In 1946, Seeger and Lee Hays, a former member of the Almanac Singers who rejoined him in the Weavers, gave a seminar called "music for action" at the School of Political Action Techniques, a Washington training prgram run by New Deal progressives. 

But as the Red Scare heated up, Seeger's involvement in the Left turned into a serious liability. In 1955, Seeger received a summons to appear before the House Un-American Activities Committee, which previously had been told by an informant that he was a communist. (As Seeger explained in a 2006 New Yorker profile, he quit the Communist Party after a couple of meetings, because "I could sing the same songs whether I belonged to the Communist Party or not, and I never liked the idea anyway of belonging to a secret organization.") Instead of invoking the Fifth Amendment, as some witnesses did, Seeger chose a more dangerous course. After a meandering explanation of his career choice — "I kind of drifted into it and never intended to be a musician, and I am glad I am one now, and it is a very honorable profession" — he politely but firmly declined to answer any questions about his past associations or to name names, because such inquiries infringed upon his First Amendment freedom of assembly. "I think these are very improper questions for any American to be asked, especially under such compulsion as this," he explained. "I would be very glad to tell you my life if you want to hear of it." 
 
As a result of Seeger's defiance, he was indicted in 1957 for contempt of Congress, and in 1961, a jury found him guilty of a crime that might have sent him to prison.
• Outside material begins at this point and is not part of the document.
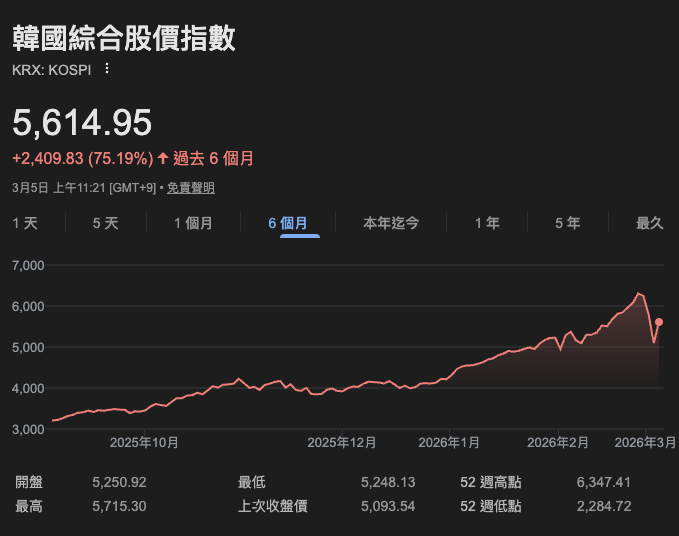 ที่มา: Google ดัชนี Kospi ในช่วง 6 เดือนที่ผ่านมา

Fortunately for Seeger, a federal appeals court subsequently overturned his conviction, ruling that his Constitutional challenge was valid, even if Seeger himself was "unworthy of sympathy."
 
Seeger's brush with losing his freedom didn't intimidate him. Over the next several decades, he returned again and again to Washington to headline protest rallies. At the Vietnam Mortatorium Day protest in 1969, he showed up to lead the crowd in a sing-along. (Oddly, instead of choosing one of his own songs, he opted to appeal to a younger generation by picking John Lennon's "Give Peace a Chance," which he'd only heard for the first time a few days before, and admittedly didn't actually like that much).  In 1978, Seeger performed in front of the White House at a rally calling for freedom for the "Wilmington 10," a group of mostly African-American civil rights activists who were convicted of firebombing a grocery in North Carolina in 1971 and sent to prison, even after some witnesses in the case recanted their testimony. (In 2013, the 10 were pardoned by North Carolina Gov. Beverly Purdue.) Two years later, he headlined a rally in opposition to nuclear power. In 1985, he entertained at yet another rally, this one in opposition to the Reagan Administration's covert war in Nicaragua and support of the Apartheid regime in South Africa.
 
But probably to his own surprise, Seeger eventually came be accepted in Washington. In 1994, he was honored at Kennedy Center, where Arlo Guthrie, Joan Baez and Roger McGuinn of The Byrds performed his songs, and President Clinton proclaimed him "an inconvenient artist who dared to sing things as he saw them" and noted that his blacklisting following his Congressional testimony was "a badge of honor." (Seeger himself speculated that "they decided to give the award to me for my music, and try to ignore my politics.")
 

In 2009, Seeger appeared at a concert held at the Lincoln Memorial to honor incoming President Barack Obama. Joined by Bruce Springsteen, Seeger led the crowd in a rendition of Woody Guthrie's "This Land is Your Land." Even the President-elect himself joined in the singing. But as the longtime rebel singer ascended to the apex of Washington respectability, he made sure to include two additional verses of Guthrie's song, ones that pointed out a line of impoverished Americans in a Depression-era welfare line. "As they stood there hungry, I stood there asking, Is this land made for you and me?" Seeger sang. He was a man who could not resist speaking truth to power.